• Material provided
⟨
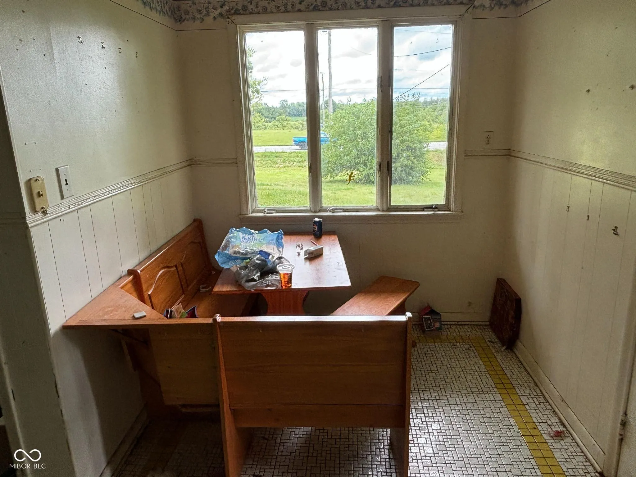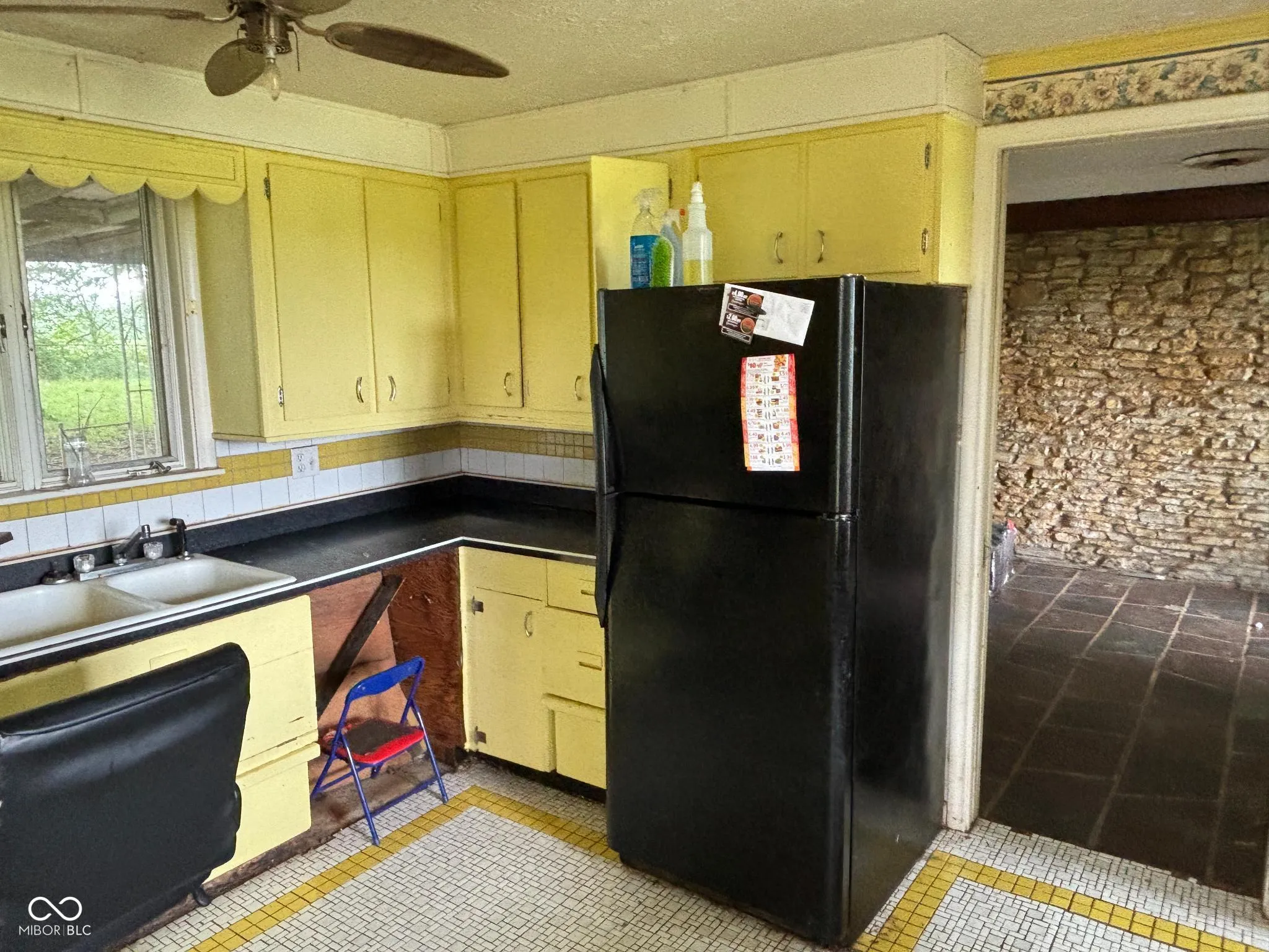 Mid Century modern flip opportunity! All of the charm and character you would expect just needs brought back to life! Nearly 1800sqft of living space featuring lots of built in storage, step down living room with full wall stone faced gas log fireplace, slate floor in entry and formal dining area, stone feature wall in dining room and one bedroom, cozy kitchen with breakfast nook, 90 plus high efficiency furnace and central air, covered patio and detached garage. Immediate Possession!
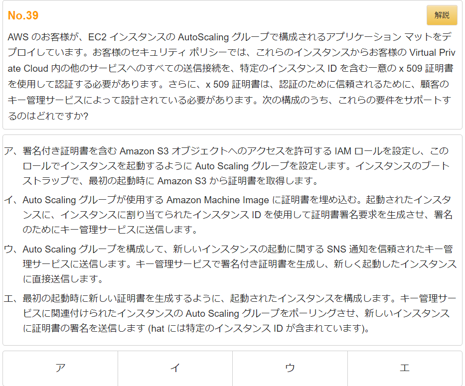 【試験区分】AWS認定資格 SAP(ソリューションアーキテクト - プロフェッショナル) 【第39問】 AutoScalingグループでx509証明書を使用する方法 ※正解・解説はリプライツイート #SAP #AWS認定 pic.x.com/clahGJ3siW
⟩
⟨
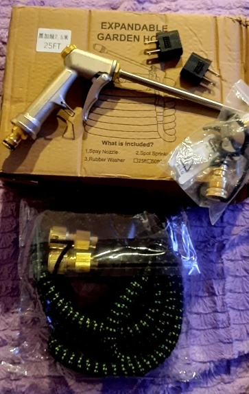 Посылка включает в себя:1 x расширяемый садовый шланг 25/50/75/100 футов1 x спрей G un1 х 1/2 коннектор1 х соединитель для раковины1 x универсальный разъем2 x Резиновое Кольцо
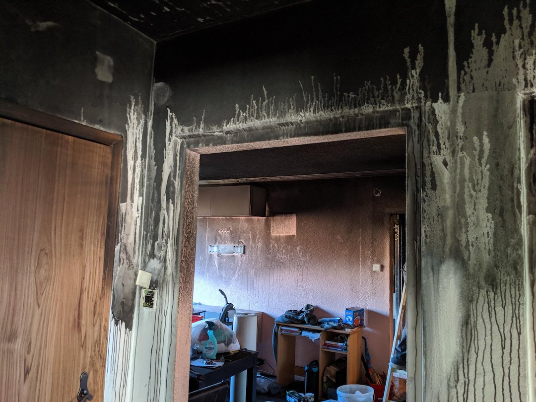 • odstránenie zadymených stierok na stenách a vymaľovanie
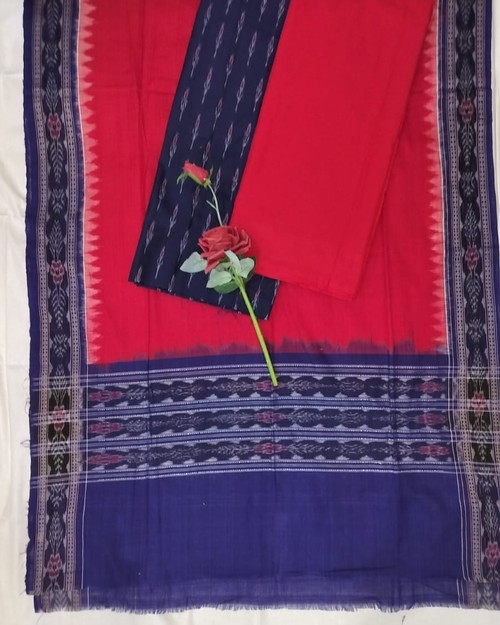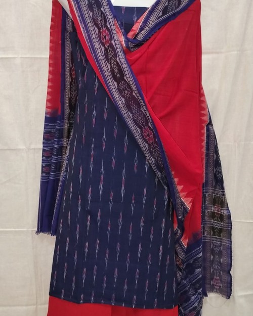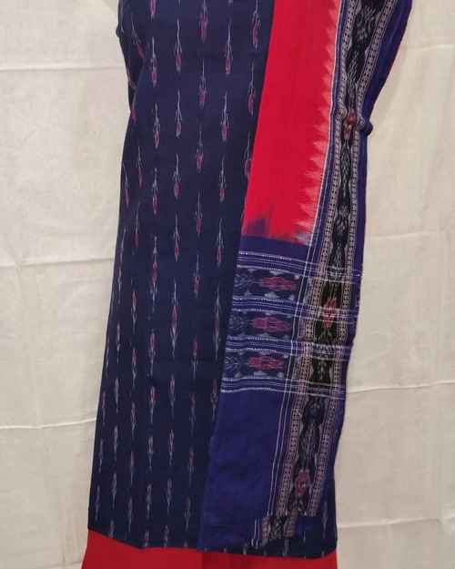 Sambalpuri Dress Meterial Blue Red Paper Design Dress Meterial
⟩
• Exercise aim
From the line with "Посылка включает в" up to and including the line with "Sambalpuri Dress Meterial" above, retype every line exactly and nothing more; leave out the pictures.

• Response to the task
 Посылка включает в себя:1 x расширяемый садовый шланг 25/50/75/100 футов1 x спрей G un1 х 1/2 коннектор1 х соединитель для раковины1 x универсальный разъем2 x Резиновое Кольцо
 • odstránenie zadymených stierok na stenách a vymaľovanie
 Sambalpuri Dress Meterial Blue Red Paper Design Dress Meterial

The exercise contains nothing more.